# Crab, Crawfish and Goat Cheese Tarts



## marmalady (Aug 12, 2005)

Just put this together for our party tomorrow, and can't think of anyone I'd rather share it with than you folks! 
 
 
Crabmeat, Crawdaddy and  Goat Cheese Tarts
 

4 oz. crabmeat, picked

½ cup cooked crawfish tails, chopped finely

3 oz. herb goat cheese

3 Tablespoons cream cheese

1 ½ tsp. fines herbs (or your favorite combination)

salt, pepper, garlic powder

 

Phyllo Tart Shells

Shredded parmesan

 

Preheat oven to 375. Mix first 6 ingredients together well. Place tart shells on a cookie sheet, fill them and sprinkle parmesan on top. Bake about 10-15 minutes, til parm is golden brown.


----------



## kadesma (Aug 12, 2005)

Marm,

your guests are going to be in heaven.

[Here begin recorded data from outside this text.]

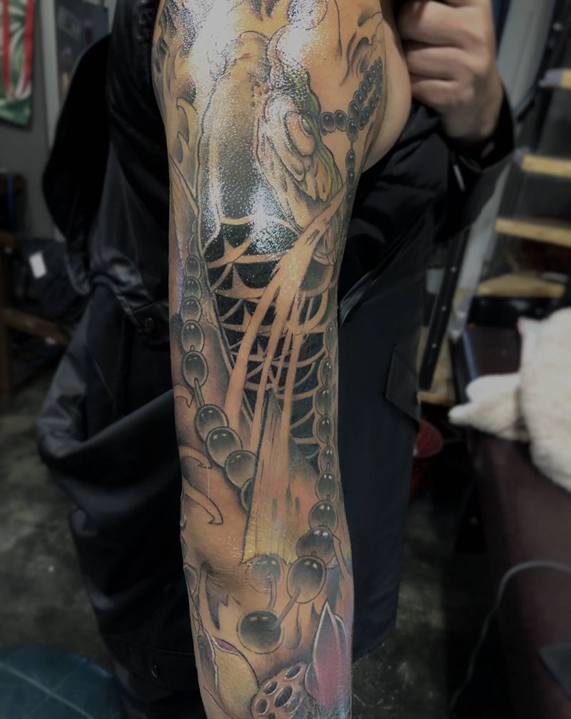 当前位置: 首页 >四川省成都市纹身店-摩根刺青纹身图案>锦鲤金蟾纹身图片_手臂新传统纹身图案
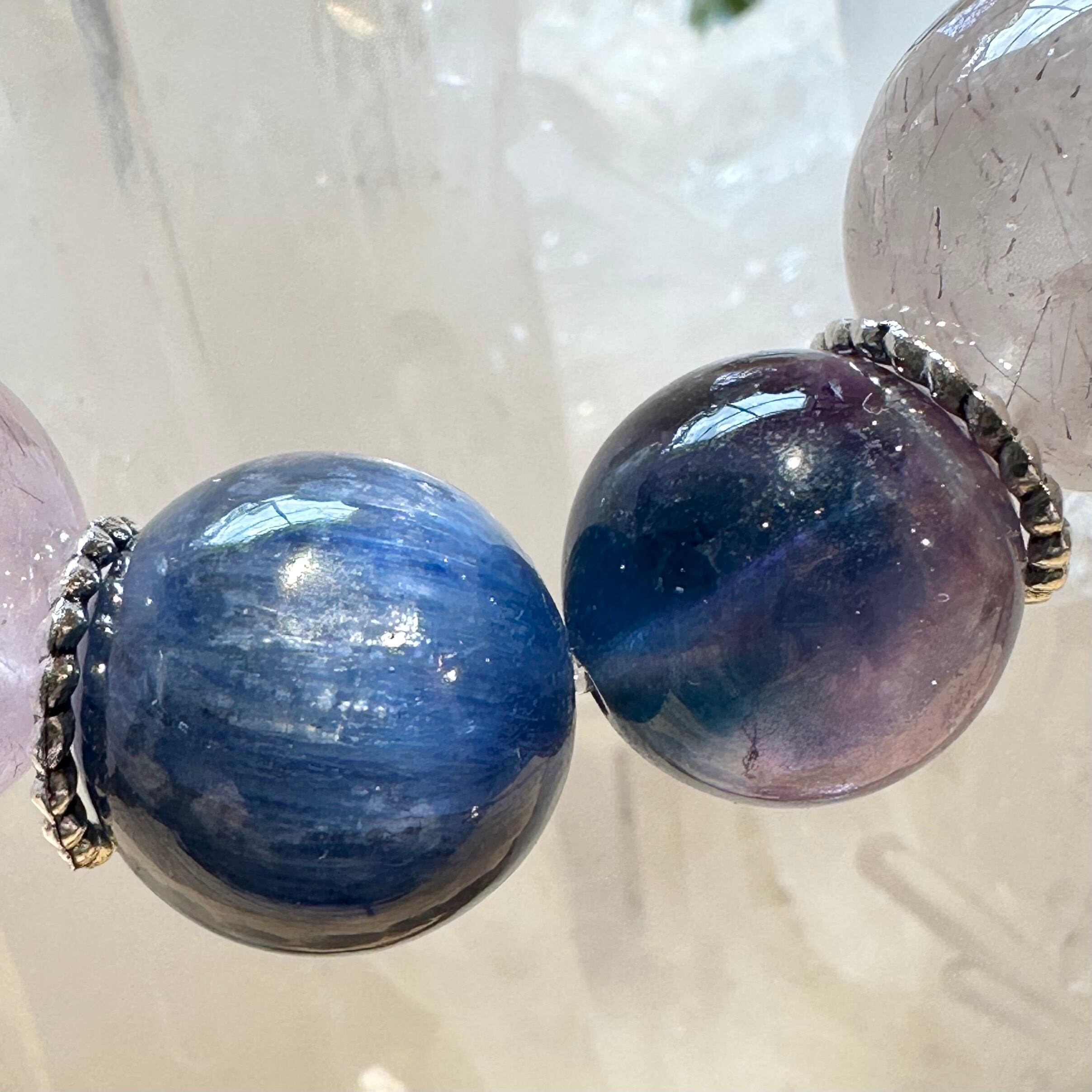 ◇セイクリッドセブン&ブラッドショット&フロライト&ブラックカヤナイト◇ブレスレット2603-brs-ssbfbK-14-01b-c01
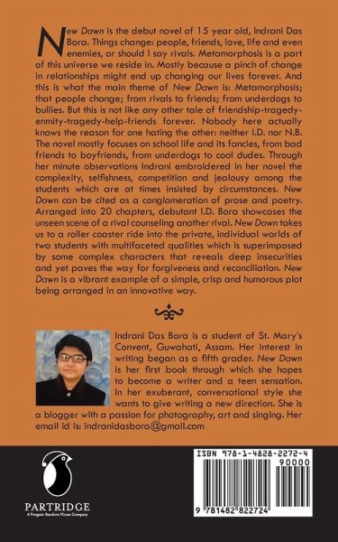 New Dawn is the debut novel of 15 year old,Indrani Das Bora. Things change: people, friends, love, life and even enemies, or should I say rivals. Metamorphosis is a part of this universe we reside in. Mostly because a pinch of change in relationships might end up changing our lives forever. And this is what the main theme of New Dawn is: Metamorphosis; that people change; from rivals to friends; from underdogs to bullies. But this is not like any other tale of friendship-tragedy-enmity-tragedy-help-friends forever. Nobody here actually knows the reason for one hating the other: neither I.D. nor N.B. (who are the protagonists). The novel mostly focuses on school life and its fancies, from bad friends to boyfriends, from underdogs to cool dudes. Through her minute observations Indrani embroidered in her novel the complexity, selfishness, competition and jealousy etc among the students which are at times indirectly insisted by circumstances. . New Dawn can be cited as a conglomeration of prose and poetry. Arranged into 20 chapters, debutant I.D. Bora show cases the unseen scene of a rival counselling another rival.New Dawn takes us to a roller coaster ride into the private, individual worlds two students of multifaceted qualities which is superimposed by some complex character that reveals deep insecurities and yet pave the way for forgiveness and reconciliation. New Dawn is a vibrant example of a simple, crisp and humorous plot being arranged in an innovative way.
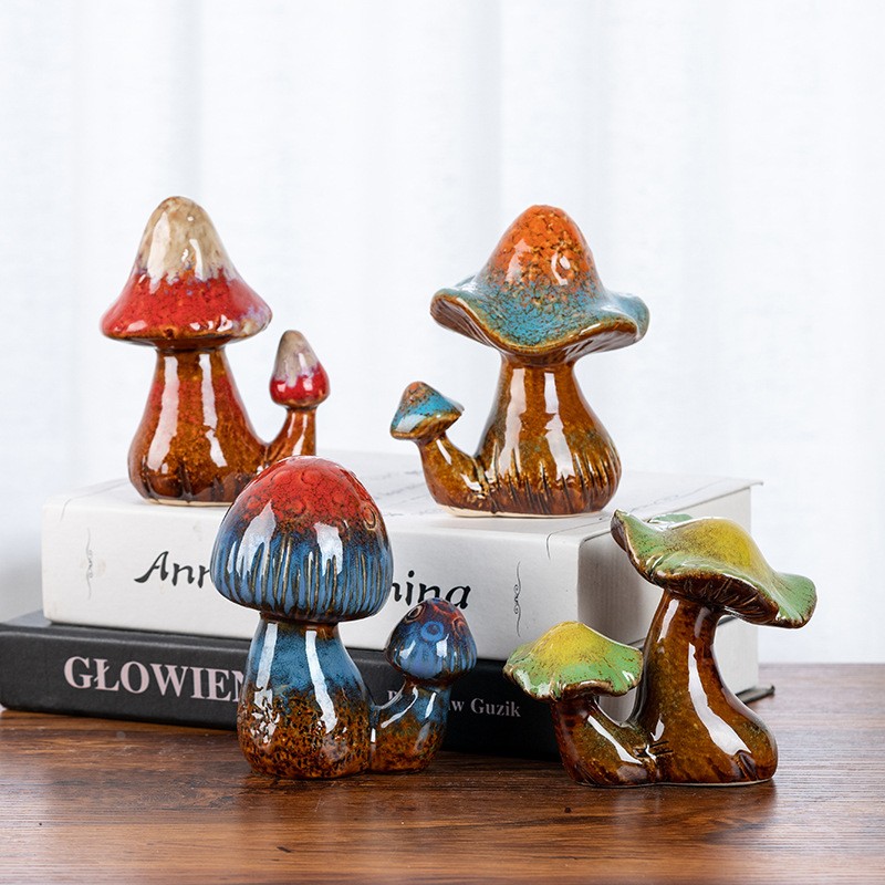 创意陶瓷窑变工艺品仿真蘑菇摆件家居玄关客厅电视柜装饰品摆定制
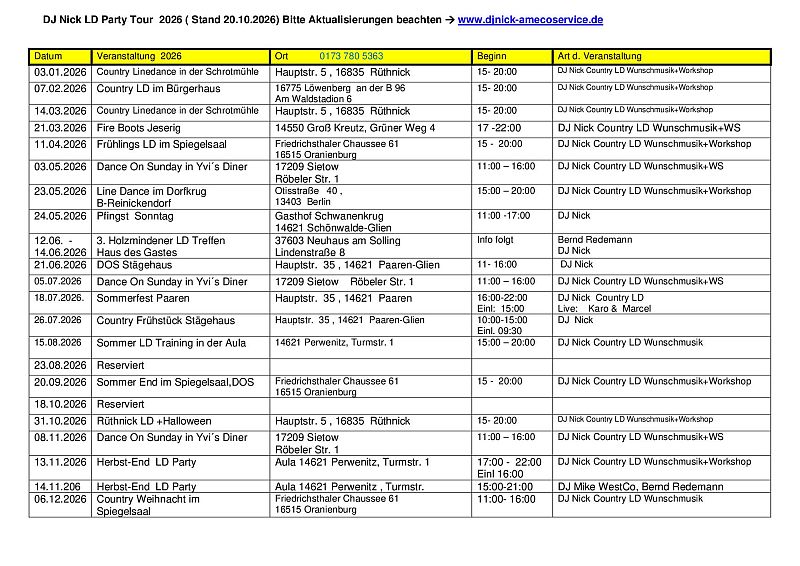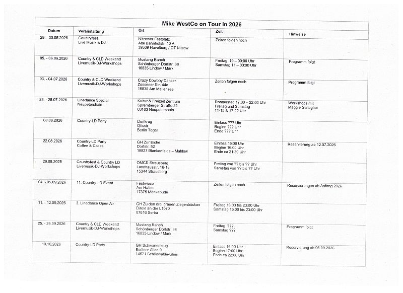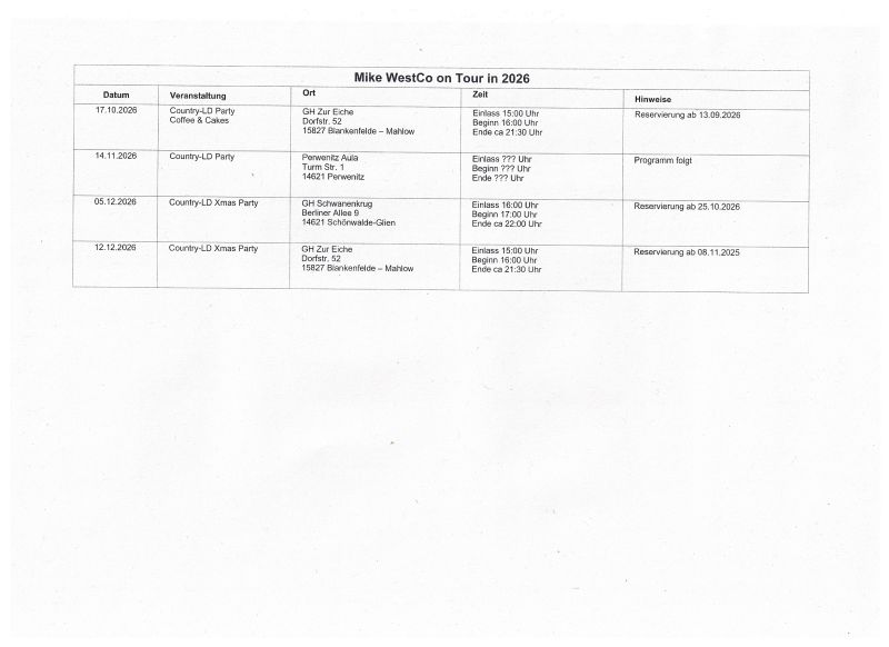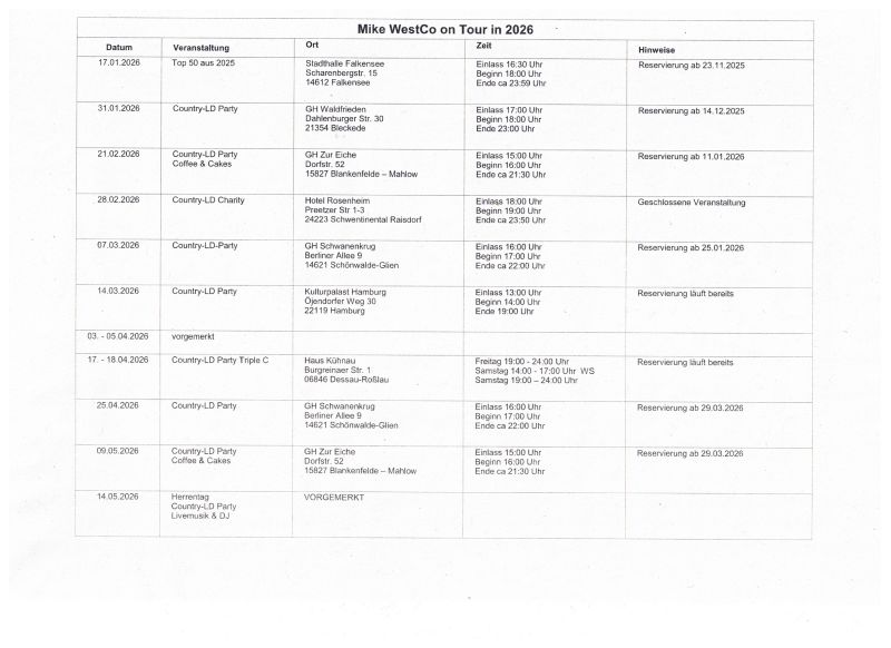 Termine DJ MikeWestCo 2026

I wish I were one of them  .This looks so yummy...I'm going to try to get some crawfish and make this, my kids and I will love it. My oldest son espicially he's a crawfish, crab   and shrimp lover.  Thanks for another great recipe...Hope your party is a smash 
kadesma


----------



## marmalady (Aug 12, 2005)

Tx, K - If you can't find crawdaddies, just use shrimp!


----------